:: RECORDS TO USE ::
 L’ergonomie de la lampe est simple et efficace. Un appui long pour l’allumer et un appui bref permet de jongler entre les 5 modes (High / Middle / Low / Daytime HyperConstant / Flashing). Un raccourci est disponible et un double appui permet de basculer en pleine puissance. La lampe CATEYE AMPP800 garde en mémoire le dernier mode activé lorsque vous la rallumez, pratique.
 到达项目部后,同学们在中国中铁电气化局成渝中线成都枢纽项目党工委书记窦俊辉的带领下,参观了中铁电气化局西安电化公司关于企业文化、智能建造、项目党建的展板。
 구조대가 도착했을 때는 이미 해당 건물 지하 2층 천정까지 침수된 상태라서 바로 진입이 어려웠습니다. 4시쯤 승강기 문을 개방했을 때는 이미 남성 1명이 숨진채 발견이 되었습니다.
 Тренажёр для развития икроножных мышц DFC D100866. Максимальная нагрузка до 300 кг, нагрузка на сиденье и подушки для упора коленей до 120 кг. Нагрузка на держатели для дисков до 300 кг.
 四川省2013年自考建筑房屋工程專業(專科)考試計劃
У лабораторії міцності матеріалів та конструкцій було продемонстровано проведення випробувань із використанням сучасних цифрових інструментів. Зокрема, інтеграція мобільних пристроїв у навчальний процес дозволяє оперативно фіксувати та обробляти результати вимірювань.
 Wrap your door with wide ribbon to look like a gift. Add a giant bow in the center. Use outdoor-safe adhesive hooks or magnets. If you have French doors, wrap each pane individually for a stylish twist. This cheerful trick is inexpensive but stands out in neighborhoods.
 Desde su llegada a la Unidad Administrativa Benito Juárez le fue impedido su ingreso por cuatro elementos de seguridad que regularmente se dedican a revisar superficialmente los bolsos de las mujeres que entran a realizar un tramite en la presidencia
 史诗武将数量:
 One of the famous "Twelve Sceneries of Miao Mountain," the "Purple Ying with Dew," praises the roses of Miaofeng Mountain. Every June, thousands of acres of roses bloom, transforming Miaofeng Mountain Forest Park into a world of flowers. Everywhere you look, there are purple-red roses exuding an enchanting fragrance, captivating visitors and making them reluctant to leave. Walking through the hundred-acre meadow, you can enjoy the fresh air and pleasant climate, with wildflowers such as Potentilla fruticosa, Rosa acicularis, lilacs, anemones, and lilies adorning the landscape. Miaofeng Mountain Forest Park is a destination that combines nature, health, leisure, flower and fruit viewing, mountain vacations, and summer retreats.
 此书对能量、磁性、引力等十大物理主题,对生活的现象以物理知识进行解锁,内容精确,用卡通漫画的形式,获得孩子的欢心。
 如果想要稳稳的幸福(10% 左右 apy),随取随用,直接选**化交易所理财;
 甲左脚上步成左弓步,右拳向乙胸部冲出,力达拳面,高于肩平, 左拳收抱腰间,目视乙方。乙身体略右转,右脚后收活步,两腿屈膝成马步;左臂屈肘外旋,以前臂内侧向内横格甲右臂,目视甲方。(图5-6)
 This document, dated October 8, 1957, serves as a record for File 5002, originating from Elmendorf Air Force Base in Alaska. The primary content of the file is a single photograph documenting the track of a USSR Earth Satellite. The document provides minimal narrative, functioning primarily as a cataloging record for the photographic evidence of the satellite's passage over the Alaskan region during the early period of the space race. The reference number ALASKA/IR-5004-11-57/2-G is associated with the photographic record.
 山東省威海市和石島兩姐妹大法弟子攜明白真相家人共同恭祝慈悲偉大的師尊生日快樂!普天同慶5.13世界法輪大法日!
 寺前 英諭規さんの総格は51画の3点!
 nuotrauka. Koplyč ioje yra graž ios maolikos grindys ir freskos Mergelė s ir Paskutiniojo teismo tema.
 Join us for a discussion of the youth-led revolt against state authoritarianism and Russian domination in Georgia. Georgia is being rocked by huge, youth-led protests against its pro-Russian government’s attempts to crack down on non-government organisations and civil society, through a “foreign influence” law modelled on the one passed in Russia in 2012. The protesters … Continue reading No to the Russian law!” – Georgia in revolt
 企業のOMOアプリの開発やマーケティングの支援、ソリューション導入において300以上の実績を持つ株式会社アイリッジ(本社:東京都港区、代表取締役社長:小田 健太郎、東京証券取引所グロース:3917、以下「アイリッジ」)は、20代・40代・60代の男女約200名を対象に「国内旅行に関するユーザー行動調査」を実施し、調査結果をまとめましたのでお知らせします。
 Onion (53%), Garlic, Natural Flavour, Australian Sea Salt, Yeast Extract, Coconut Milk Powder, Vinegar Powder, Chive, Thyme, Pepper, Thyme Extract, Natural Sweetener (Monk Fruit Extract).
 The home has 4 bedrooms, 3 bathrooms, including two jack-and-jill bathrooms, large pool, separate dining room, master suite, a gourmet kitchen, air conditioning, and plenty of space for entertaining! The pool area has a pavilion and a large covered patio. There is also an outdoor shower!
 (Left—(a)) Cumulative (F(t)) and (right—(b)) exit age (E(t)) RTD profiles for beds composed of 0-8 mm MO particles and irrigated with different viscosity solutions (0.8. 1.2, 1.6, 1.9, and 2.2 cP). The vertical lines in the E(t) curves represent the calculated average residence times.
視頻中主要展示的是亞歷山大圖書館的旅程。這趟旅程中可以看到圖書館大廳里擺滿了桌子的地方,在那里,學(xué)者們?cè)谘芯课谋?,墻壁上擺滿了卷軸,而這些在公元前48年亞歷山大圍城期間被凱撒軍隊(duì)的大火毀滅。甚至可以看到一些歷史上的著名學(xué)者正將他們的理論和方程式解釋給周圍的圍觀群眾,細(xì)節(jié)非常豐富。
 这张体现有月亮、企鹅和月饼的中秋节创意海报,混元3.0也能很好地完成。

:: INSTRUCTIONS TO FOLLOW ::
What is needed is an exact copy of the lines above, from the one containing "到达项目部后,同学们在中国中" through the one containing "此书对能量、磁性、引力等十大", with nothing added.

:: EXERCISE RESULT ::
 到达项目部后,同学们在中国中铁电气化局成渝中线成都枢纽项目党工委书记窦俊辉的带领下,参观了中铁电气化局西安电化公司关于企业文化、智能建造、项目党建的展板。
 구조대가 도착했을 때는 이미 해당 건물 지하 2층 천정까지 침수된 상태라서 바로 진입이 어려웠습니다. 4시쯤 승강기 문을 개방했을 때는 이미 남성 1명이 숨진채 발견이 되었습니다.
 Тренажёр для развития икроножных мышц DFC D100866. Максимальная нагрузка до 300 кг, нагрузка на сиденье и подушки для упора коленей до 120 кг. Нагрузка на держатели для дисков до 300 кг.
 四川省2013年自考建筑房屋工程專業(專科)考試計劃
У лабораторії міцності матеріалів та конструкцій було продемонстровано проведення випробувань із використанням сучасних цифрових інструментів. Зокрема, інтеграція мобільних пристроїв у навчальний процес дозволяє оперативно фіксувати та обробляти результати вимірювань.
 Wrap your door with wide ribbon to look like a gift. Add a giant bow in the center. Use outdoor-safe adhesive hooks or magnets. If you have French doors, wrap each pane individually for a stylish twist. This cheerful trick is inexpensive but stands out in neighborhoods.
 Desde su llegada a la Unidad Administrativa Benito Juárez le fue impedido su ingreso por cuatro elementos de seguridad que regularmente se dedican a revisar superficialmente los bolsos de las mujeres que entran a realizar un tramite en la presidencia
 史诗武将数量:
 One of the famous "Twelve Sceneries of Miao Mountain," the "Purple Ying with Dew," praises the roses of Miaofeng Mountain. Every June, thousands of acres of roses bloom, transforming Miaofeng Mountain Forest Park into a world of flowers. Everywhere you look, there are purple-red roses exuding an enchanting fragrance, captivating visitors and making them reluctant to leave. Walking through the hundred-acre meadow, you can enjoy the fresh air and pleasant climate, with wildflowers such as Potentilla fruticosa, Rosa acicularis, lilacs, anemones, and lilies adorning the landscape. Miaofeng Mountain Forest Park is a destination that combines nature, health, leisure, flower and fruit viewing, mountain vacations, and summer retreats.
 此书对能量、磁性、引力等十大物理主题,对生活的现象以物理知识进行解锁,内容精确,用卡通漫画的形式,获得孩子的欢心。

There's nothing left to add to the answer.